WORK TO BE COMPLETED: Please copy only the material from the line that has "Black mesh bralette" to the very last line, both ends included, exactly as written and without pictures.

GIVEN MATERIAL:

•••

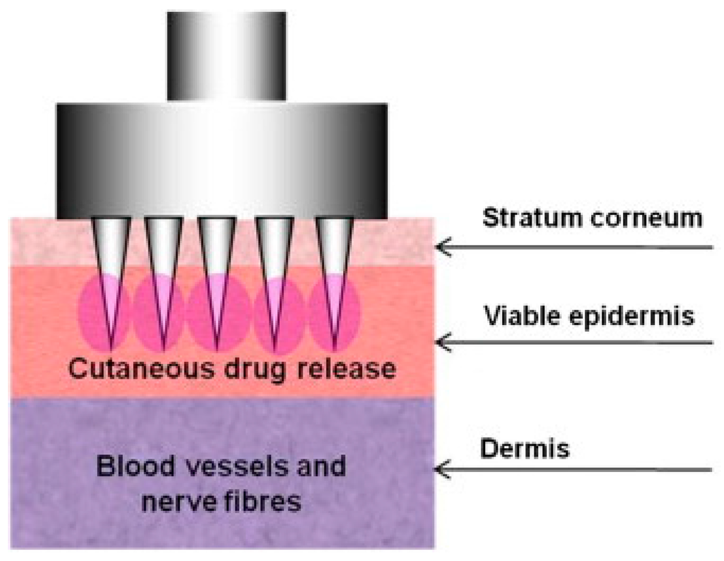 TDD is a painless method of delivering drugs systemically by applying a drug formulation onto intact and healthy skin [2,5]. The drug initially penetrates through the stratum corneum and then passes through the deeper epidermis and dermis without drug accumulation in the dermal layer. When drug reaches the dermal layer, it becomes available for systemic absorption via the dermal microcirculation [8,9]. TDD has many advantages over other conventional routes of drug delivery [10,11,12]. It can provide a non-invasive alternative to parenteral routes, thus circumventing issues such as needle phobia [2]. A large surface area of skin and ease of access allows many placement options on the skin for transdermal absorption [5]. Furthermore, the pharmacokinetic profiles of drugs are more uniform with fewer peaks, thus minimizing the risk of toxic side effects [2]. It can improve patient compliance due to the reduction of dosing frequencies and is also suitable for patients who are unconscious or vomiting, or those who rely on self-administration [13]. TDD avoids pre-systemic metabolism, thus improving bioavailability [2,4]. With reference to the use of the skin as a novel site for vaccination strategies, this organ is known to be replete with dendritic cells in both the epidermal and dermal layers which play a central role in immune responses making TDD an attractive vaccination route for therapeutic proteins and peptides [3,14]. The requirement for an inexpensive and non-invasive means of vaccination, especially in the developing world [3,14,15], has given rise to substantial research focused on the development of simple, needle-free systems such as TDD for vaccination purposes. This theme will be explored further in Section 4.5.2 of this review.
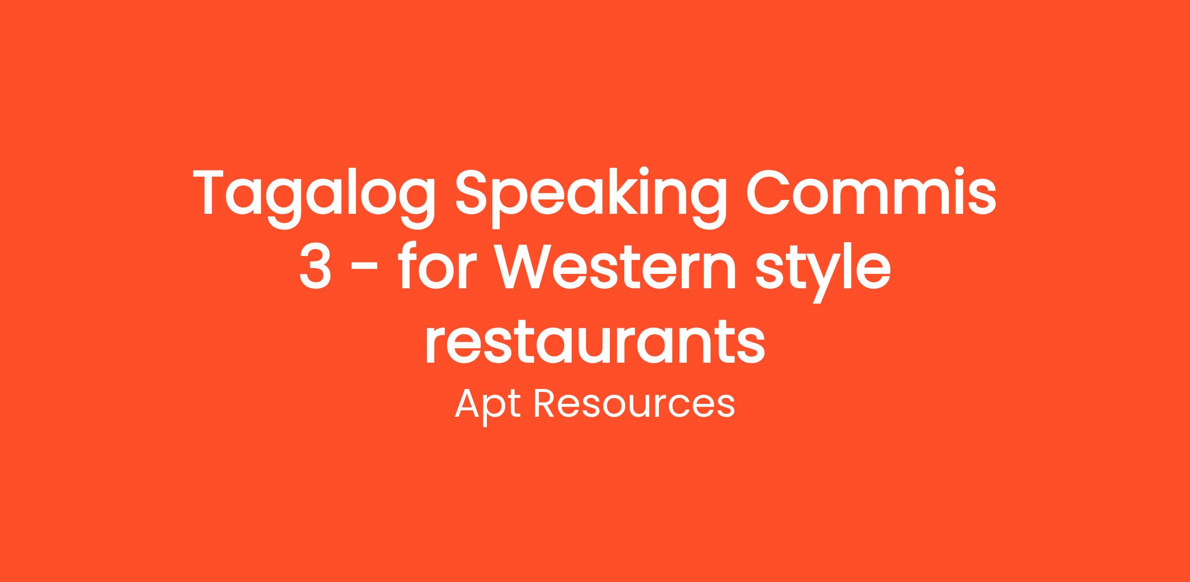 Tagalog Speaking Commis 3 - for Western style restaurants
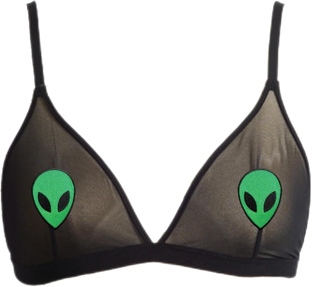 Black mesh bralette with alien iron on patches. S: 32B, 34A, 34B M: 34B. 36A, 36B L: 36B, 38A, 38Bc
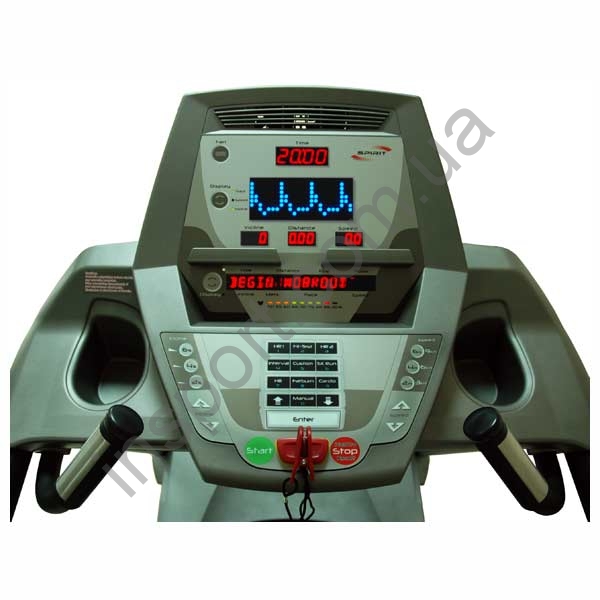 Консоль управления - удобная и интуитивно понятная даже для неопытных пользователей. Дисплей консоли оснащен большим графическим LED дисплеем с приятным голубым цветом свечения светодиодов. Также на консоли расположены 5 цифровых LED дисплеев с янтарным свечением и линейка светодиодных индикаторов порогового пульса (сердечный монитор);

•••

ANSWER FOR THE TASK:
 Black mesh bralette with alien iron on patches. S: 32B, 34A, 34B M: 34B. 36A, 36B L: 36B, 38A, 38Bc
 Консоль управления - удобная и интуитивно понятная даже для неопытных пользователей. Дисплей консоли оснащен большим графическим LED дисплеем с приятным голубым цветом свечения светодиодов. Также на консоли расположены 5 цифровых LED дисплеев с янтарным свечением и линейка светодиодных индикаторов порогового пульса (сердечный монитор);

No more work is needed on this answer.